The Senate-passed bill was supported by the Statehouse Republicans for weeks. The bill is now headed to Tennessee Gov. Bill Lee’s (R) desk. If signed, it would overturn the ordinance passed by the Memphis City Council and apply statewide.

The original ordinance outlawed some traffic stops for minor violations. The legislation would prevent any local laws on traffic stops if an officer identifies or has suspicion that the person driving has broken a local ordinance, state or federal law. 

State Sen.

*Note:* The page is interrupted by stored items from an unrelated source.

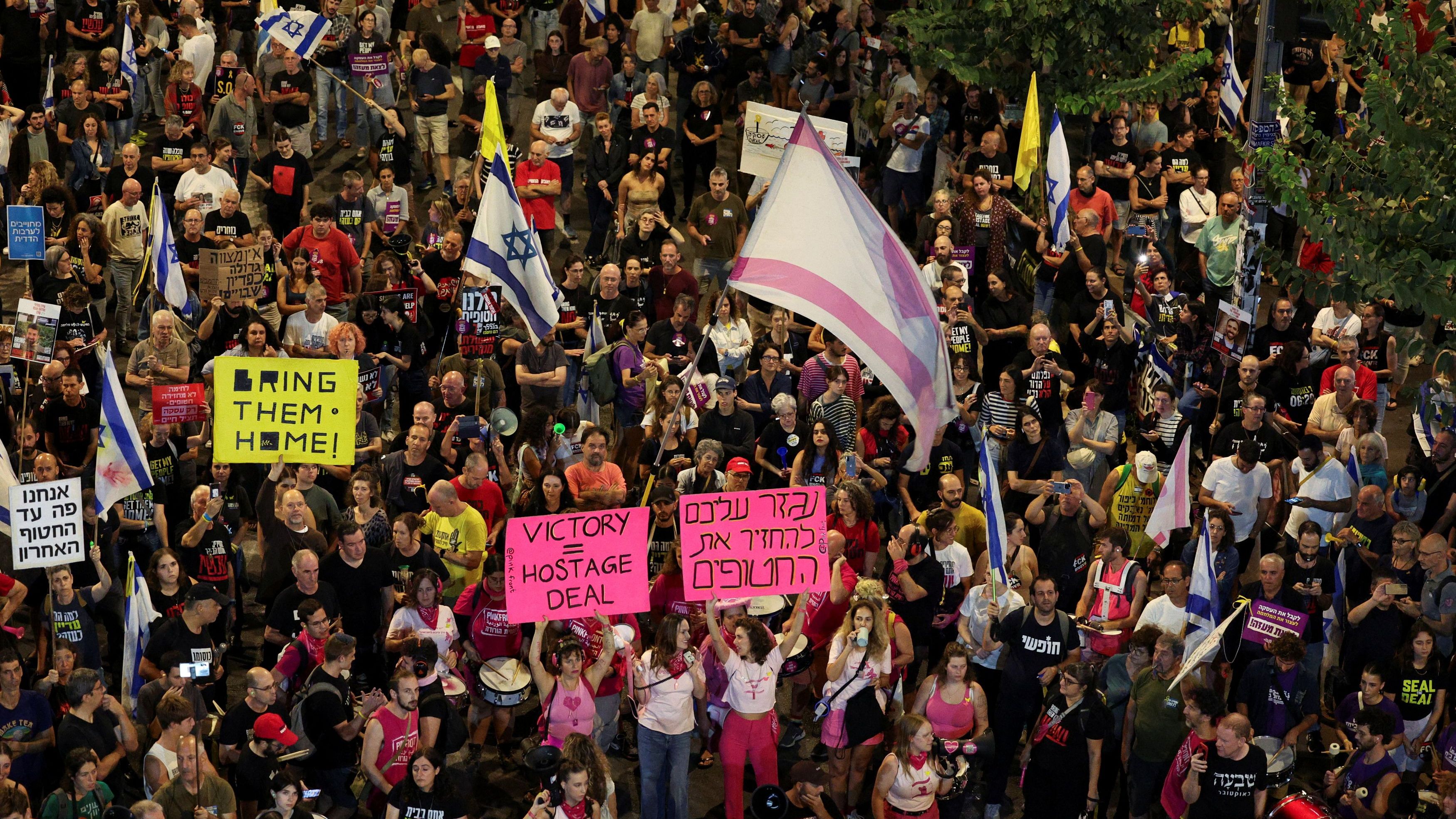 20/10/2024 00:04:03La muerte del líder de Hamás Yahya Sinwar ha reavivado las protestas contra Benjamín Netanyahu de los sábados en Tel Aviv. Miles de personas han exigido al primer ministro aprovechar la muerte del ideólogo de los ataques del 7 de octubre de 2023 para llegar a un acuerdo con Hamás que permita un alto el fuego y el regreso a casa de los rehenes aún en manos de la milicia.
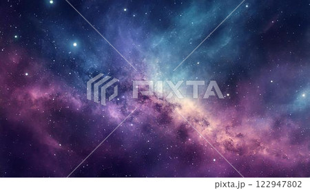 水彩風フレームと夜空に輝く美しい星空の幻想的な背景
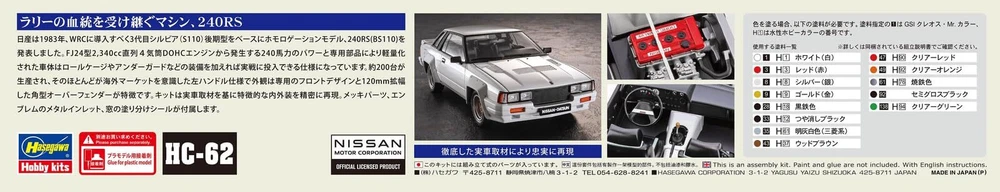 Hasegawa 1/24 Nissan 240RS BS110 1983 Plastic Model Kit HC62 Car Description Thank you for visiting the page! Ships with careful packing from Japan. Description Hasegawa 1/24 Nissan 240RS BS110 1983 Plastic Model HC62 Featuring distinctive angular overfenders, this is a reproduction of the homologation model! The Nissan 240RS (BS110) debuted in 1983 as a rally-spec homologation model (Group B). It was developed based on the later version of the third-generation Silvia S110 and approximately 200 units were produced. The kit is based on actual vehicle research, with many new parts developed for both the exterior and interior. The body parts are from the later model, which has a modified shape near the side turn signals. Some engine components are also included, peeking through the hood louver. The rear window is of the type without defrost lines. Metal inlets and window masking stickers are included. The body parts color is white. Newly molded plastic parts Hood Front/Rear Bumper Body Rear Panel Rear Quarter Panel Mesh Wheels Overfenders Side Turn Signals Tail Light Reflectors Brake Lights Rear Window Engine Head Strut Tower Bar Steering Wheel Dashboard (Left Hand Drive) Front Seats Rear Seats *This product requires assembly and painting as it is a plastic model. *Assembly and painting require additional glue, tools, paint, etc. *“Plastic Model” is a registered trademark of the Japan Plastic Model Industry Cooperative. *This product does not include glue, paint, tools, or batteries. Assembly and painting are required for this plastic model. Additional glue, tools, paint, etc. are necessary. 1/24 scale unpainted plastic assembly kit Completed size: 182×77mm Number of parts: 125 New mold additions. Shipping FedEx, Japan Post, USPS (Not available for selection) Terms of Sale *As a rule, tracking numbers are uploaded within 10 business days of purchase. *In principle, the package will be delivered within 3 weeks after the tracking number is uploaded, but delays may occur depending on international conditions. Please contact your local post office for details. International Buyers - Please Note: Import duties, taxes, and charges are not included in the item price or shipping cost. These charges are the buyer's responsibility. Please check with your country's customs office to determine what these additional costs will be prior to bidding or buying.
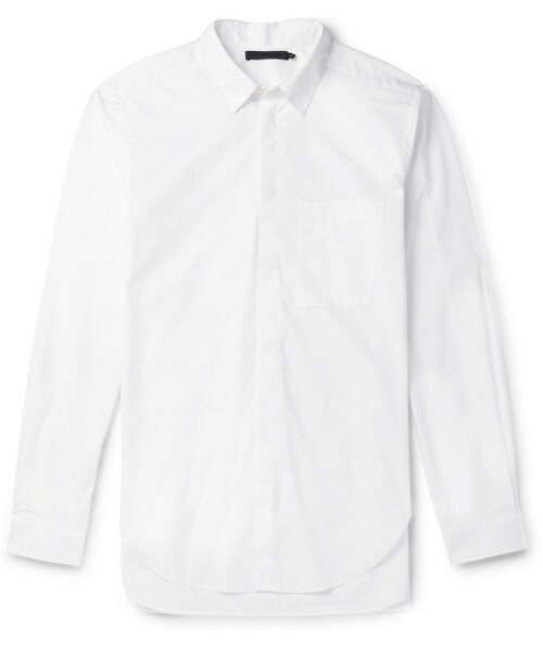 Alexander Wang 's cotton-poplin shirt may look minimal, but discreet detailing gives it a cool, offbeat feel. The concealed button placket keeps this piece clean-lined, while the hem is cut in a curved shape at the front and square at the back for a subtle, directional twist. Wear yours untucked with trim-fit trousers to highlight its angular profile. White cotton-poplin Chest pocket, buttoned cuffs, notched side inserts, curved front hem, back pleat, square back hem 100% cotton Machine wash or dry clean
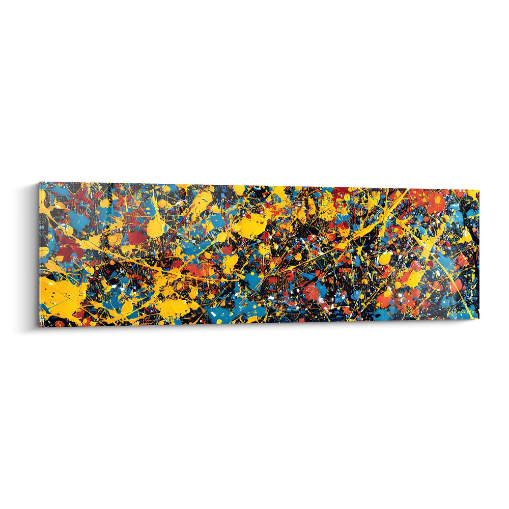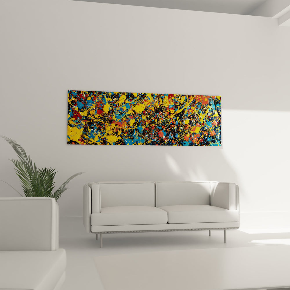 Ce tableau mural éclaboussures multicolores présente une composition dynamique inspirée de la technique du dripping, rappelant les œuvres de l'art abstrait contemporain. L'œuvre se caractérise par une explosion de couleurs vives où dominent le jaune éclatant, le bleu azur, le rouge vermillon et l'orange vibrant, créant un ensemble harmonieux malgré l'apparente spontanéité. Les projections de peinture abstraite s'entremêlent dans un ballet coloré, formant des lignes gestuelles et des taches organiques qui donnent vie à la toile. Cette peinture abstraite gestuelle moderne révèle une technique maîtrisée où chaque éclaboussure semble calculée pour créer un équilibre visuel parfait. Les couleurs primaires et secondaires se mélangent par endroits, créant des nuances subtiles qui enrichissent la palette chromatique. Ce tableau décoratif contemporain coloré présente une texture visuelle riche, où les superpositions de couleurs créent des effets de profondeur et de mouvement. L'art mural abstrait expressif révèle ici toute sa puissance émotionnelle, invitant le spectateur à une lecture personnelle de ces formes libres et spontanées.
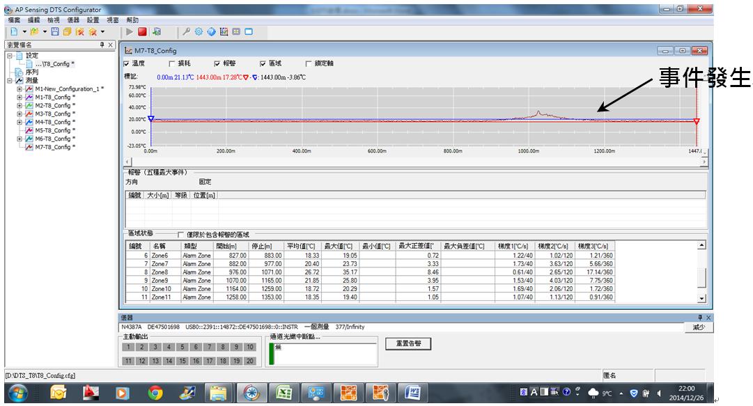 照片1為應用於台11線跳浪隧道實景,感測光纜沿隧道頂部進行架設,光纜尾端則連結至隧道機房內之光纖偵溫解讀系統,並利用圖控軟體(SCADA),如圖1以視覺化畫面,提供管理人員監控隧道內每一處溫度變化。當有異常狀況發生時,光纖偵溫解讀系統,會傳送訊號觸發消防受信總機,以避免災害事故擴大。相關應用也同時使在蘇花改東澳東岳隧道之火警監控系統。

London Lamar, a Democrat representing the district where Nichols was killed, called the bill a “slap in the face.”

“Not only for our city council, but all the local governing bodies in this state, because we’re telling them you are not smart enough to decide policies to help govern your own city,” Lamar said, according to The Associated Press. 

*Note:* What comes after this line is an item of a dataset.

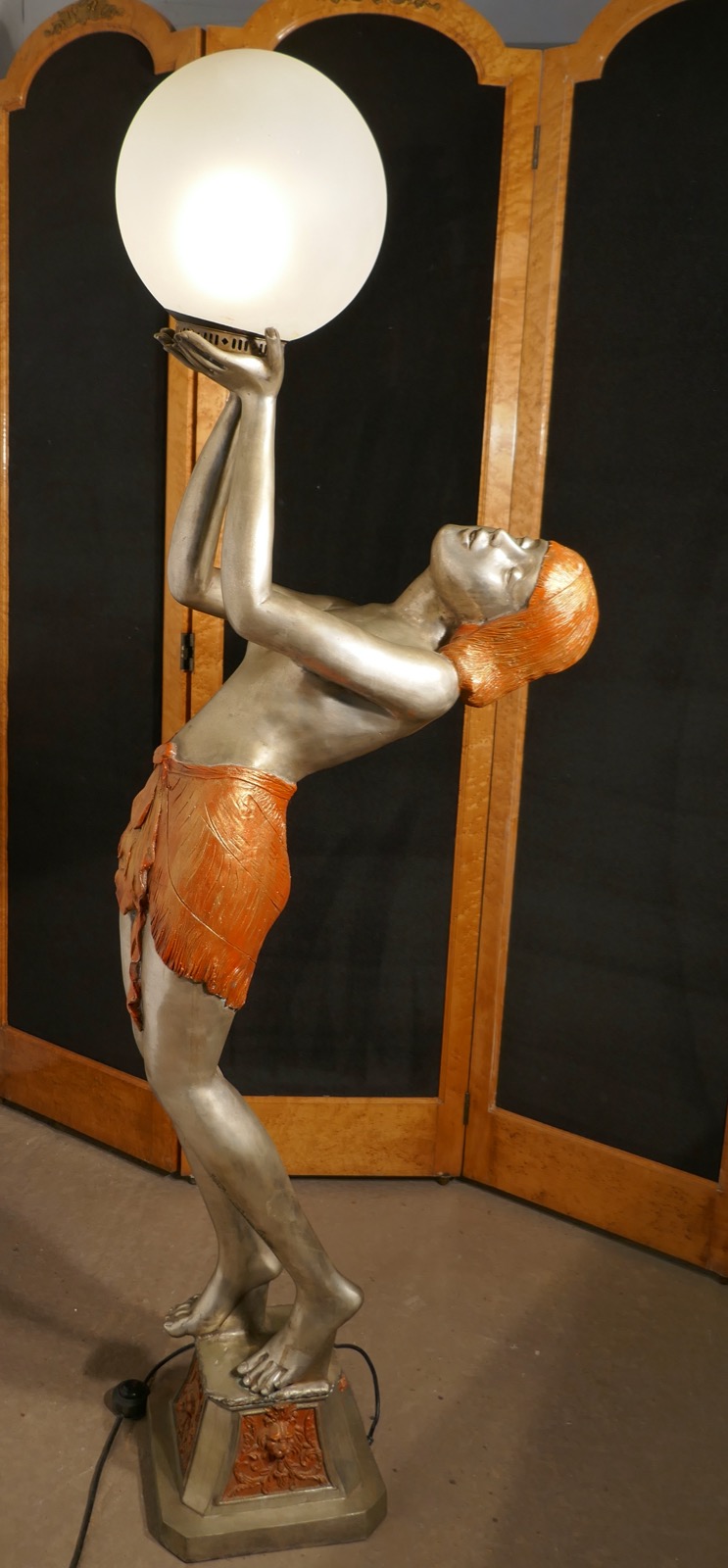Large Art Deco Female Sculpture Floor Lamp, after Auguste Moreau Signed
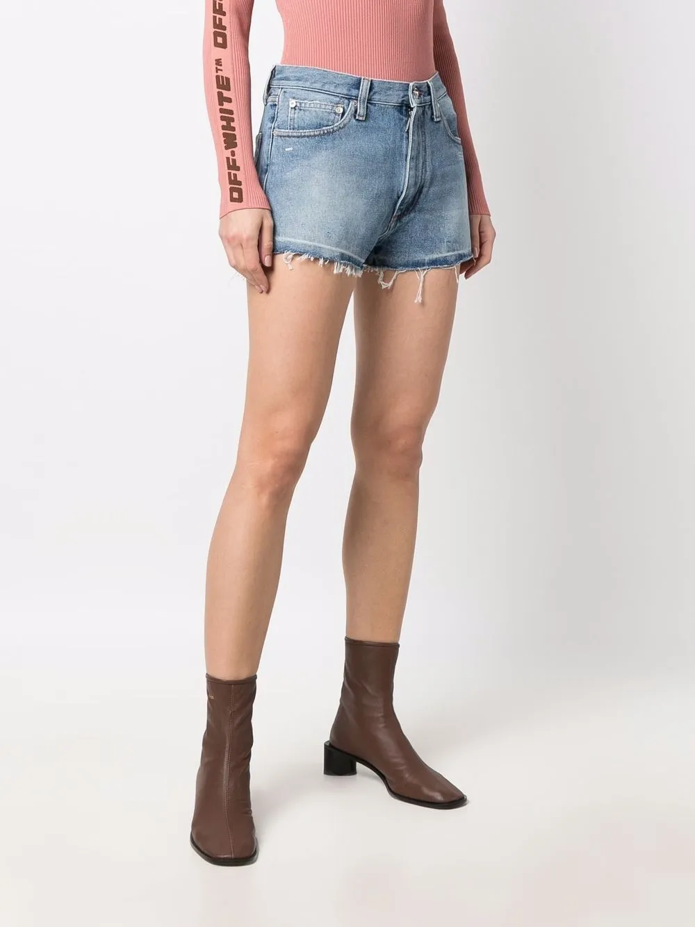 Джинсовые шорты с бахромой и логотипом OFF-WHITE, синий

Republicans supported the legislation, saying it will help with reducing crime and showcasing examples where law enforcement uncovered violent crimes during stops. 

“It’s time to take handcuffs off police and put them on criminals where they belong,” state Senator Brent Taylor said, according to The New York Times. 

Nichols, a Black man, was killed in January 2023. All five officers, who are all Black, were charged with second-degree murder and civil rights violations in state court. The Department of Justice is conducting a probe into whether Memphis Police Department officers use excessive force or employ racially discriminatory policing practices.